Researchers studying olfactory dysfunction and aging in thousands of people say that for older adults, being unable to identify scents may be a predictor of mortality within five years. These startling results are published in PLOS ONE this week.
“We think loss of the sense of smell is like the canary in the coal mine,” University of Chicago’s Jayant Pinto says in a news release. “It doesn’t directly cause death, but it’s a harbinger, an early warning system, that something has already gone badly wrong, that damage has been done.”
As part of the National Social Life, Health and Aging Project (NSHAP), Pinto and colleagues surveyed 3,005 men and women ages 57 to 85 in 2005 through 2006. They assessed their ability to identify five distinct common odors — using odor-dispensing devices called Sniffin’ Sticks (pictured right) — one smell at a time from a set of four choices. Here they are in order of increasing difficulty: peppermint, fish, orange, rose, and leather. Almost three-fourths of the participants were able to identify at least four of the five correctly.
The team checked in on the participants with a second survey during 2010 and 2011. During that five-year gap, 430 of the original 3,005 study subjects had died.
Of the participants who failed the first smelling test, 39 percent had died before the second survey — compared with 19 percent of those with moderate smell loss and 10 percent with a healthy sense of smell. For those already at high risk, lacking a sense of smell more than doubled the probability of death. This was more or less the case even after the researchers adjusted for age, gender, socioeconomic status, overall health, and race. And as expected, performance on the scent test declined steadily with age.
However, it’s unclear precisely how smell loss contributes to mortality. “Obviously, people don’t die just because their olfactory system is damaged,” says study author Martha McClintock from University of Chicago. Although, olfactory dysfunction was better at predicting mortality than a diagnosis of heart failure, cancer, or lung disease.

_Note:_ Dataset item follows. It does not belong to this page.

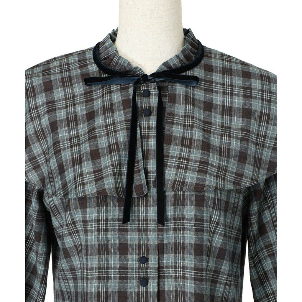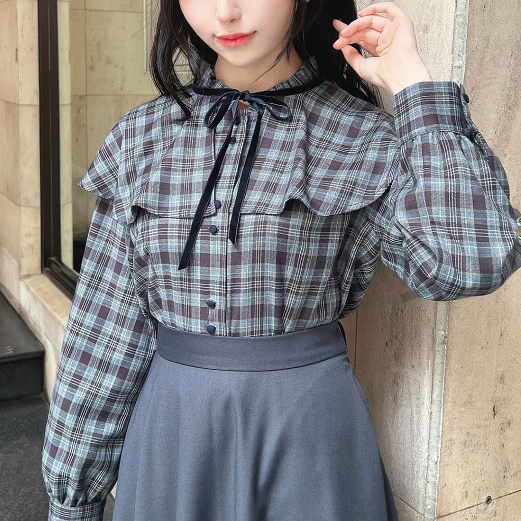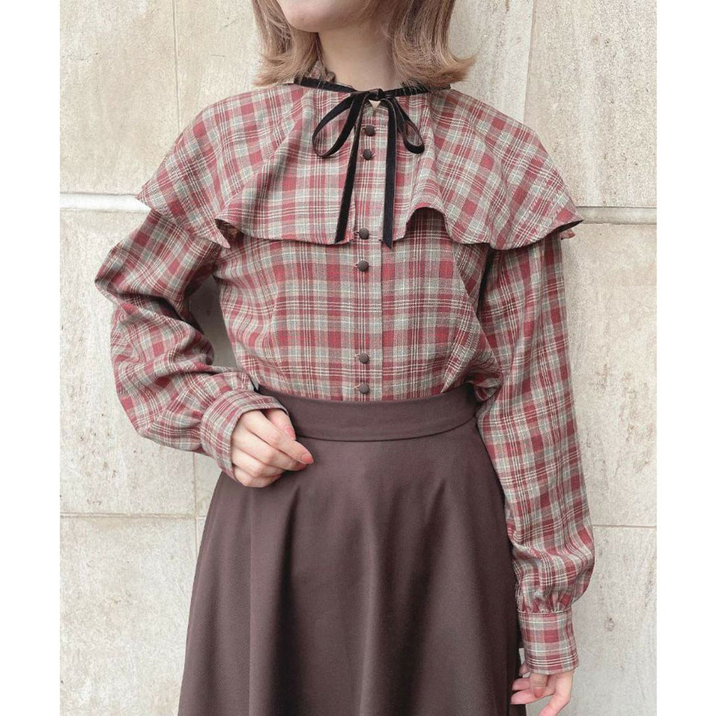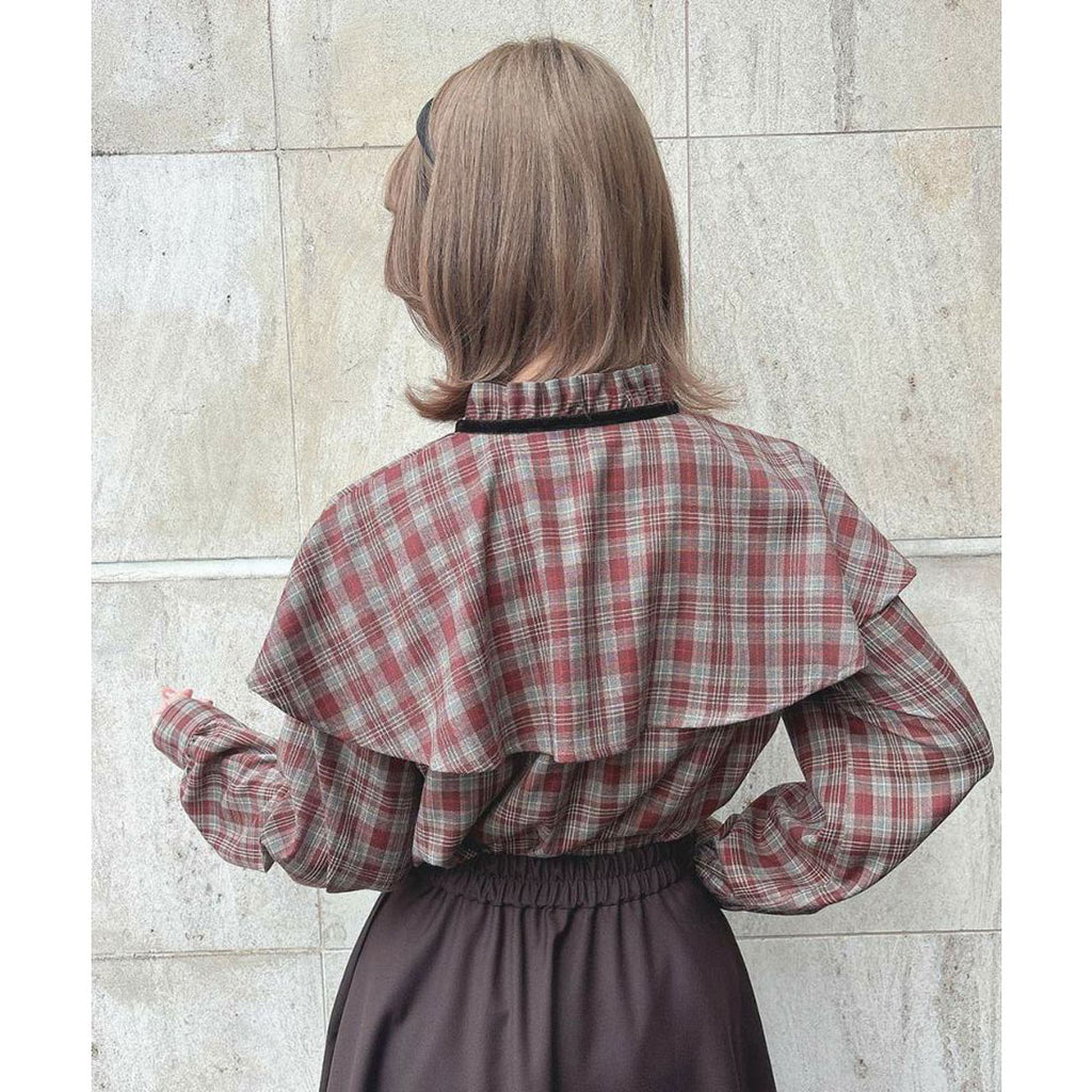 A cape-attached blouse with a vintage check fabric that creates an elegant look.

Although they didn’t investigate the link specifically, the team does have several ideas about why smell loss signals mortality. The olfactory nerve (the only cranial nerve directly exposed to the environment) may serve as a conduit, exposing the central nervous system to pollution, airborne toxins, and pathogens. Additionally, the olfactory system also has stem cells that regenerate, so a decreased ability to identify odors may indicate the body’s inability to rebuild key components that decline with age.
“Of all human senses,” Pinto says, “smell is the most undervalued and underappreciated — until it’s gone.” They hope the findings will lead to a quick and inexpensive way to identify patients most at risk.